What you are asked to do »
Transcribe exactly, and only, the lines from the one containing "Захватывающий взгляд с" through the end of the entries below, leaving the pictures out.

:: Material for this task ::

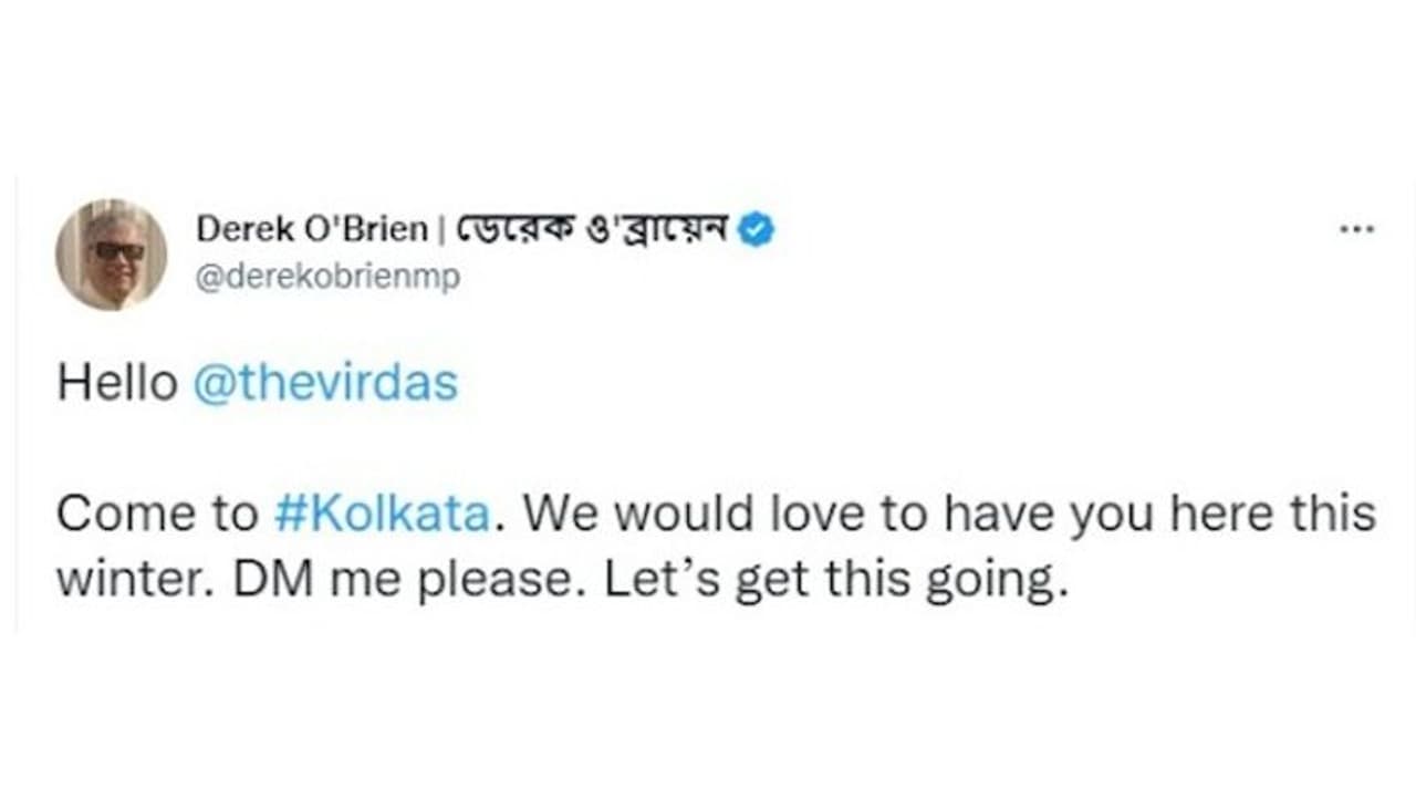 The TMC's Rajya Sabha leader tweeted, "Hello @thevirdas, come to #Kolkata this winter. We would love to have you here. DM me, please. Let's get this going."
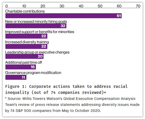 Willis Towers Watson’s analysis of the press releases of the 74 S&P 500 companies whose statements included tangible, specific commitments to address racial inequalities following the George Floyd killing revealed these common themes:
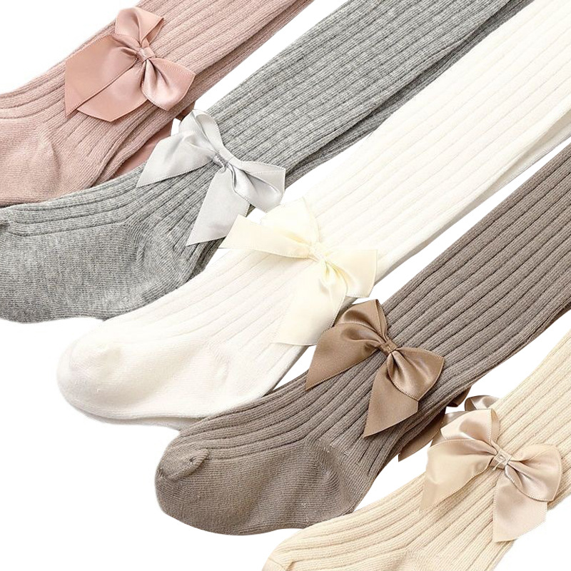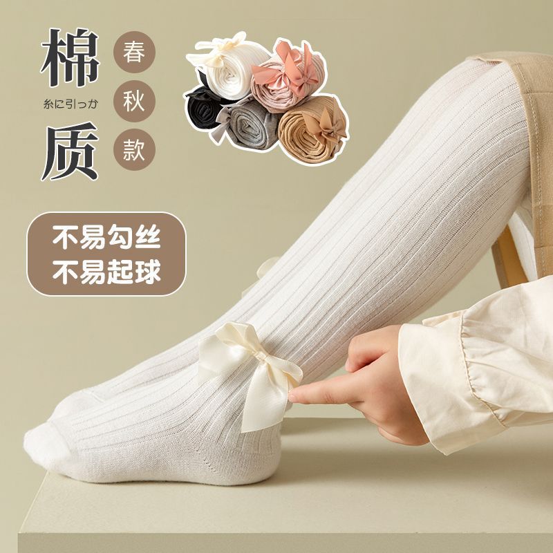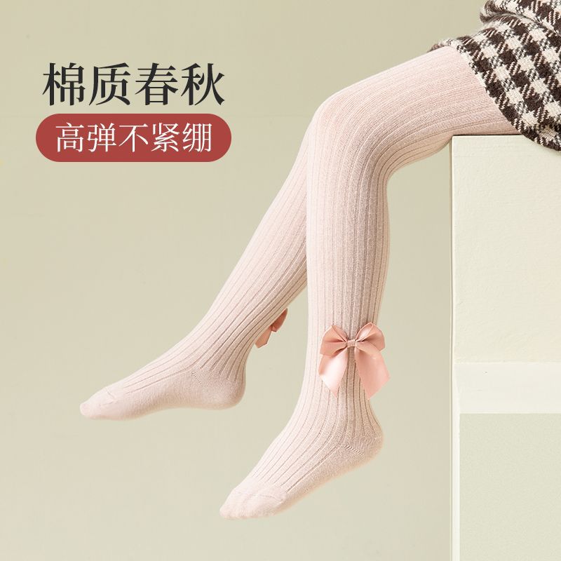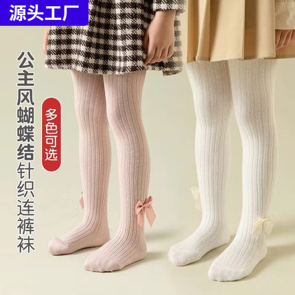 儿连裤袜春夏女打底裤棉竖条秋冬女大蝴蝶结加厚袜子外穿
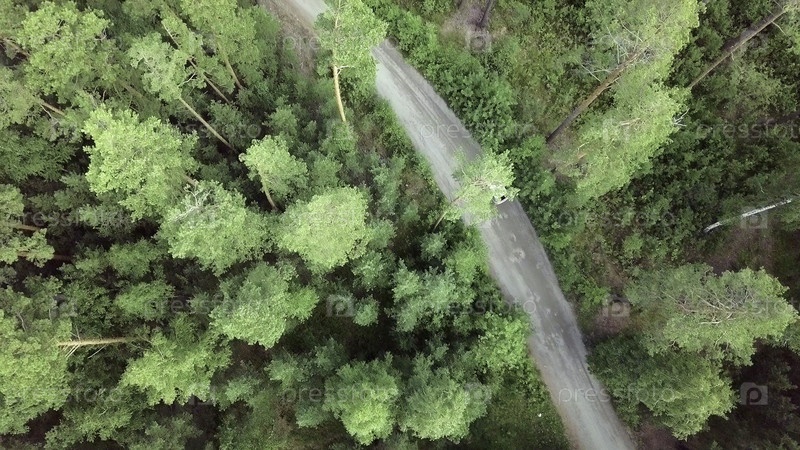 Захватывающий взгляд с воздуха, показывающий автомобиль, едущий через пышный и яркий зеленый лес
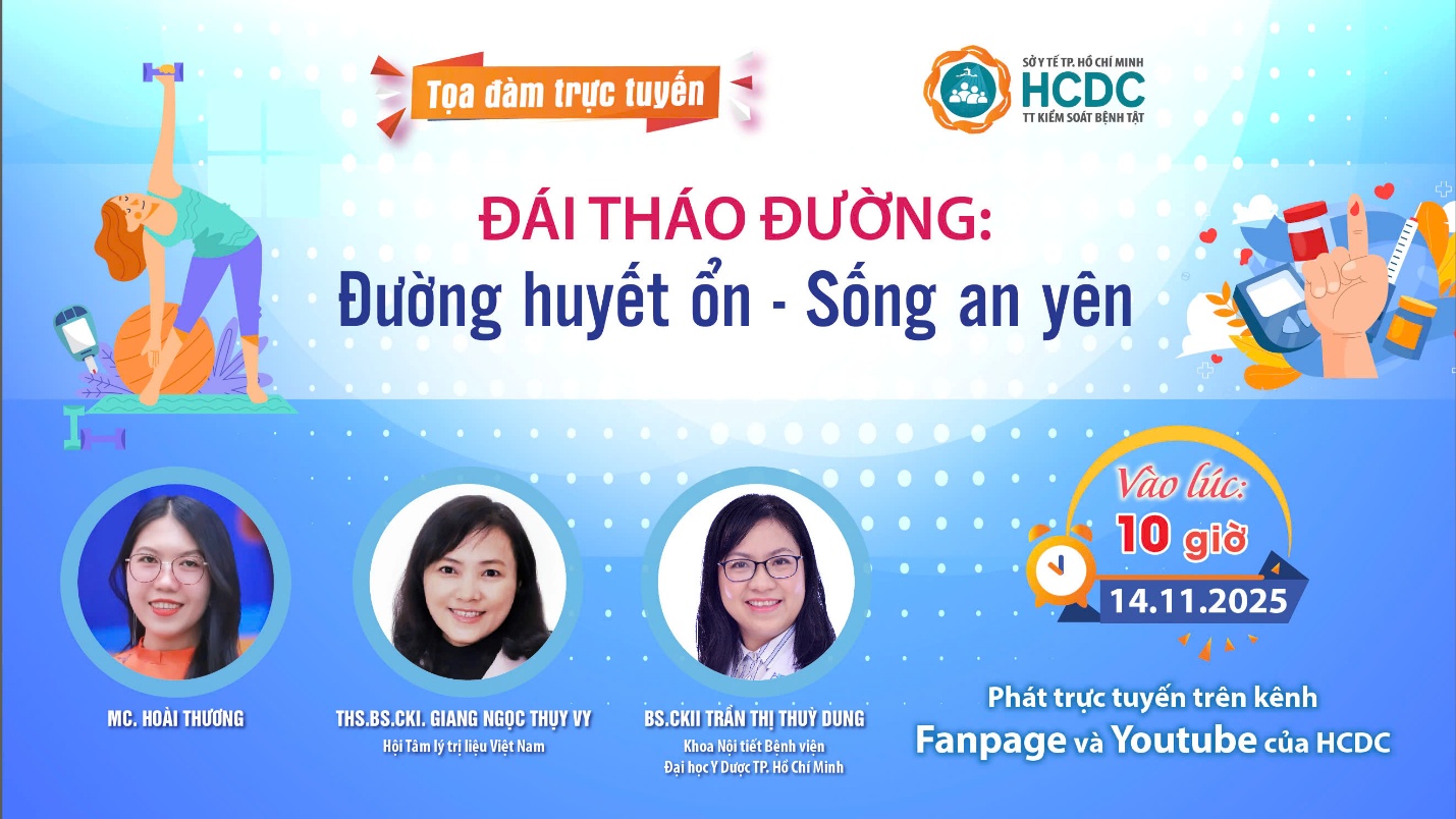 Chỉ còn 2 giờ nữa, buổi tọa đàm trực tuyến “Đái tháo đường: Đường huyết ổn – Sống an yên” sẽ chính thức lên sóng trên Fanpage và YouTube của Trung tâm Kiểm soát bệnh tật Thành phố Hồ Chí Minh vào lúc 10 giờ sáng hôm nay, Thứ Sáu, ngày 14/11/2025.
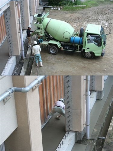 学校の耐震工事もずいぶん進んできました。この前は大きなクレーンが入ってきましたし、上から見ていると一年生教室横のコンクリートのろうかがきれいに修復されていきます。
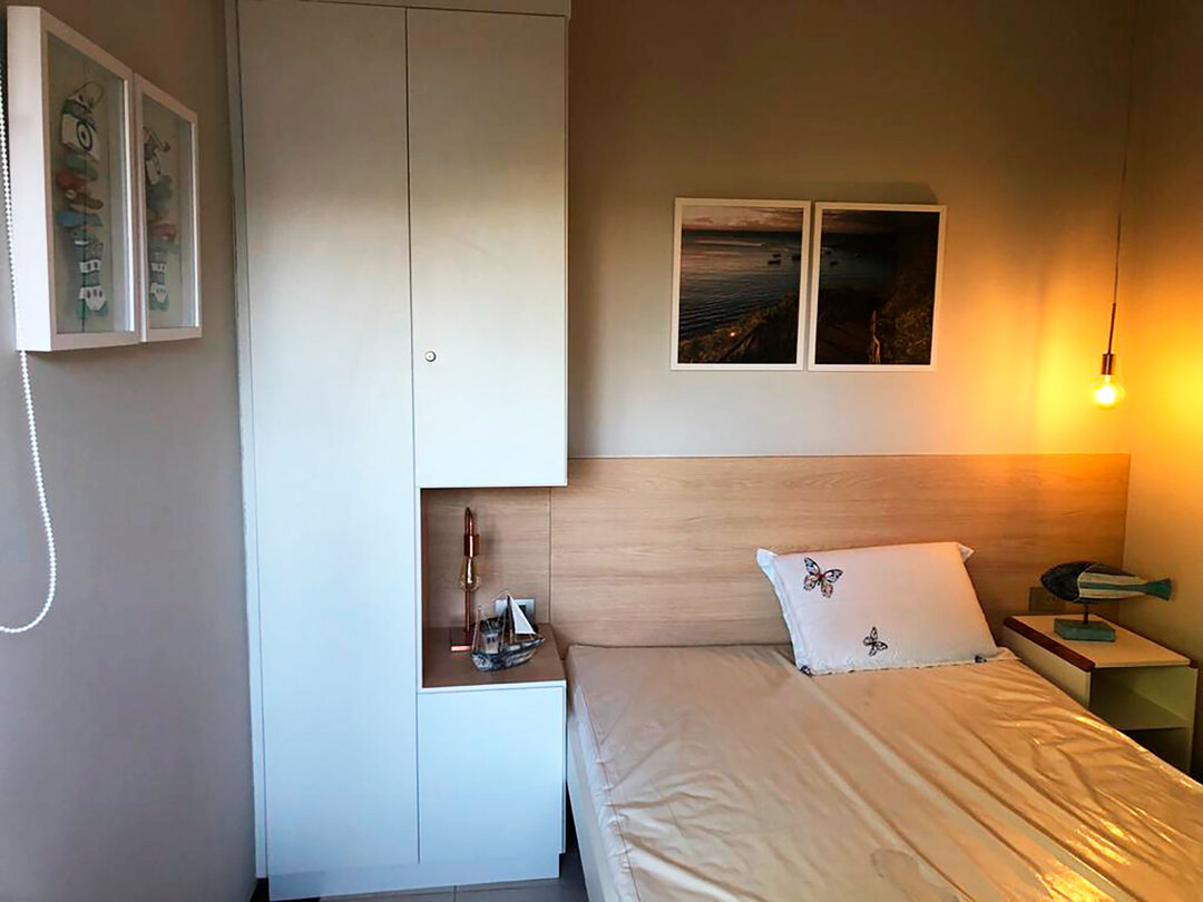 - Quartos com armário e ventilador de teto
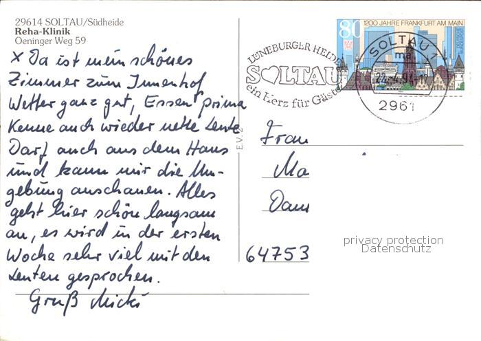 72503978 alte Postkarte Soltau Reha Klinik postalisch gelaufen Erhaltung siehe scans KatCode: 11110003358021
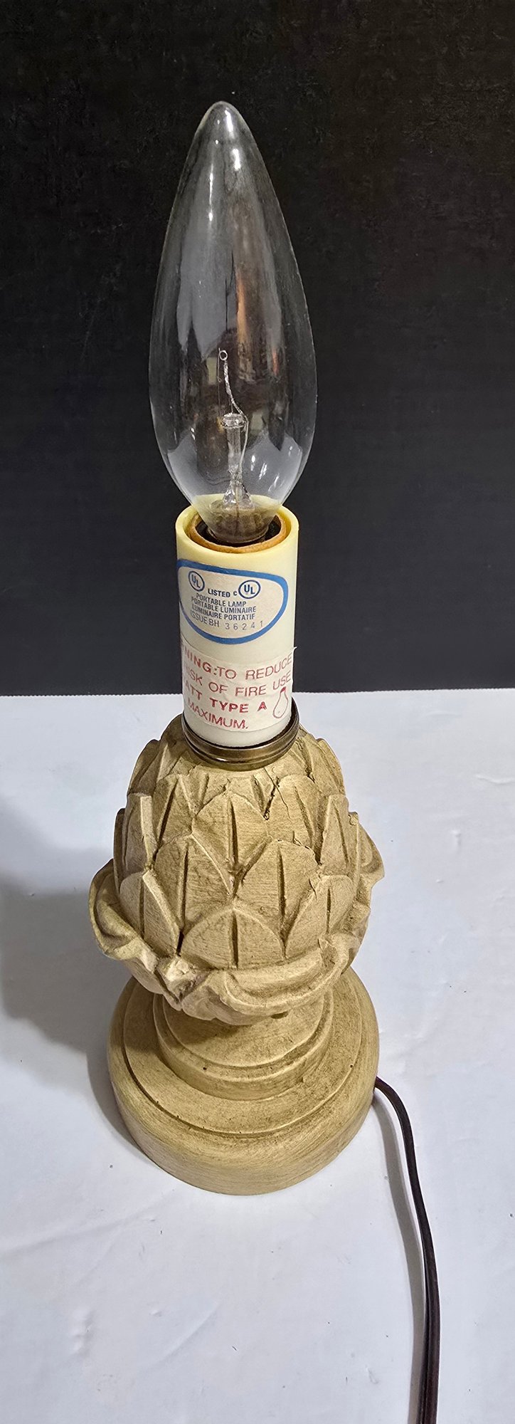 Small Pieapple Table Top Lamp. Base is a type of resin. Measures 12h x 6. Tested and works. Please see all pics for details.

:::

Expected answer »
 Захватывающий взгляд с воздуха, показывающий автомобиль, едущий через пышный и яркий зеленый лес
 Chỉ còn 2 giờ nữa, buổi tọa đàm trực tuyến “Đái tháo đường: Đường huyết ổn – Sống an yên” sẽ chính thức lên sóng trên Fanpage và YouTube của Trung tâm Kiểm soát bệnh tật Thành phố Hồ Chí Minh vào lúc 10 giờ sáng hôm nay, Thứ Sáu, ngày 14/11/2025.
 学校の耐震工事もずいぶん進んできました。この前は大きなクレーンが入ってきましたし、上から見ていると一年生教室横のコンクリートのろうかがきれいに修復されていきます。
 - Quartos com armário e ventilador de teto
 72503978 alte Postkarte Soltau Reha Klinik postalisch gelaufen Erhaltung siehe scans KatCode: 11110003358021
 Small Pieapple Table Top Lamp. Base is a type of resin. Measures 12h x 6. Tested and works. Please see all pics for details.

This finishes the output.